Training Gaussian Mixture Models at Scale via Coresets

How can we train a statistical mixture model on a massive data set? In this work we show how to construct coresets for mixtures of Gaussians. A coreset is a weighted subset of the data, which guarantees that models fitting the coreset also provide a good fit for the original data set.

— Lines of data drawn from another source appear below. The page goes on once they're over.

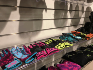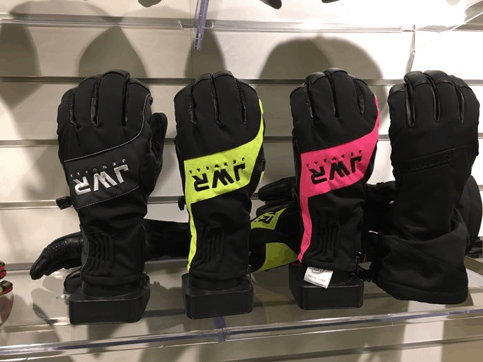”standard handsken” med lite grövre tyg. Kommer i tre olika färgkombinationer, svart/grå, svart/rosa och svart/gul.
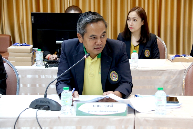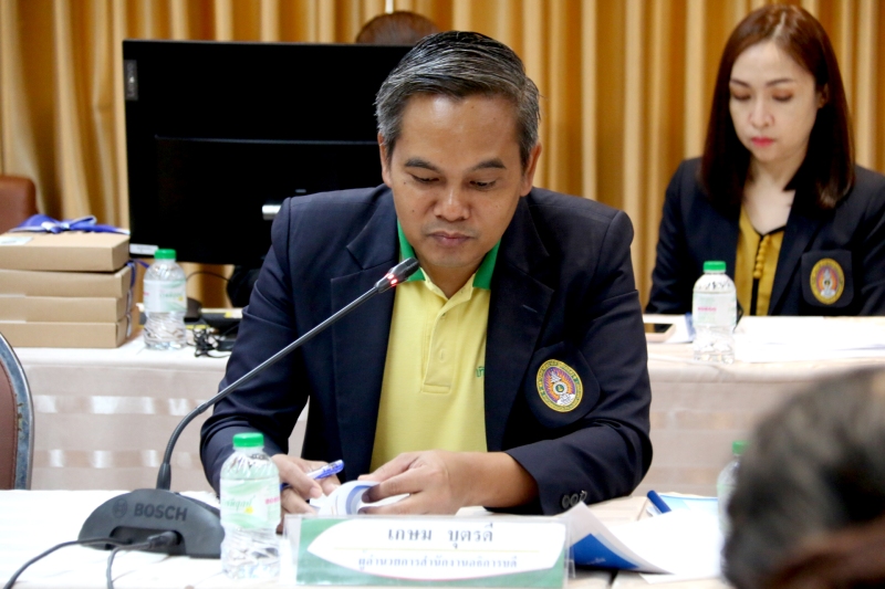 จากนั้นนำเสนอผลการประเมินทุกองค์ประกอบและผลการดำเนินงาน ของสำนักงานอธิการบดี ปีการศึกษา 2565 โดย นายเกษม บุตรดี ผู้อำนวยการสำนักงานอธิการบดี โดยมีคณะกรรมการประเมินคุณภาพการศึกษาภายใน ประจำปีการศึกษา 2565 ประกอบด้วย
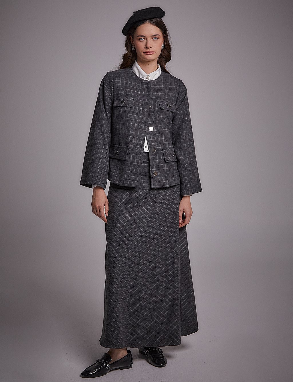 Kayra Kareli Evaze Etek, adeta dönem filmlerinden esinlenmiş stili ile dikkat çekiyor. Maskülen görünüme hakim olan eteği, gömlek, ceket ve bluzlarla kombinleyebilir, ofis, davet ve hafta sonu giyimi için tercih edebilirsiniz. Düğmeli formu sayesinde kullanım kolaylığı sağlıyor.
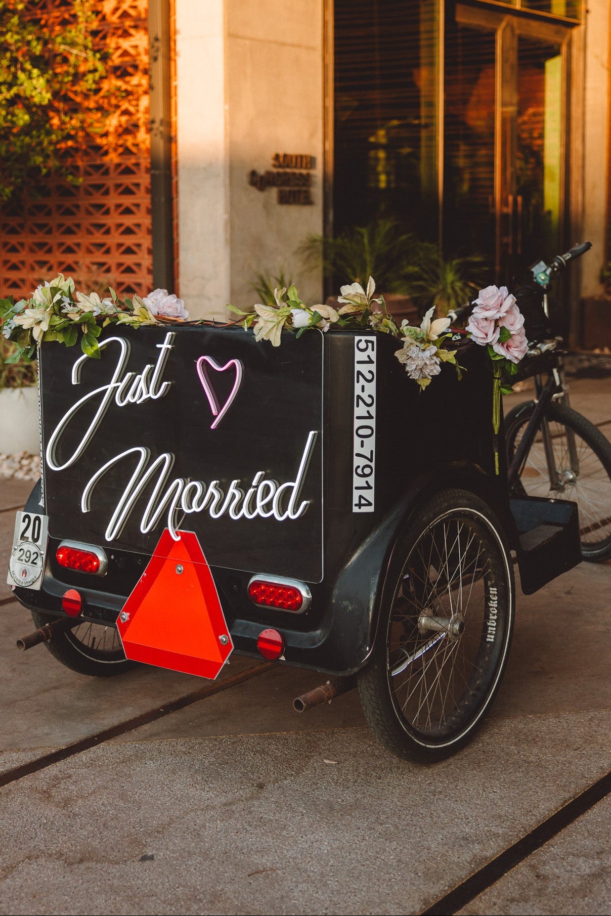 The Premium Wedding Pedicab features a sleek, all-black design for a modern and elevated look. Enhance the experience with upgraded décor, including a vibrant LED neon “Just Married” sign and premium faux floral arrangements, creating a stylish and memorable wedding send-off.

We show that, perhaps surprisingly, Gaussian mixtures admit coresets of size polynomial in dimension and the number of mixture components, while being independent of the data set size. Hence, one can harness computationally intensive algorithms to compute a good approximation on a significantly smaller data set. More importantly, such coresets can be efficiently constructed both in distributed and streaming settings and do not impose restrictions on the data generating process. Our results rely on a novel reduction of statistical estimation to problems in computational geometry and new combinatorial complexity results for mixtures of Gaussians. Empirical evaluation on several real-world data sets suggests that our coreset-based approach enables significant reduction in training-time with negligible approximation error.

[1]  Sanjeev Arora,et al.  LEARNING MIXTURES OF SEPARATED NONSPHERICAL GAUSSIANS , 2005, math/0503457.

[2]  Anima Anandkumar,et al.  Tensor decompositions for learning latent variable models , 2012, J. Mach. Learn. Res..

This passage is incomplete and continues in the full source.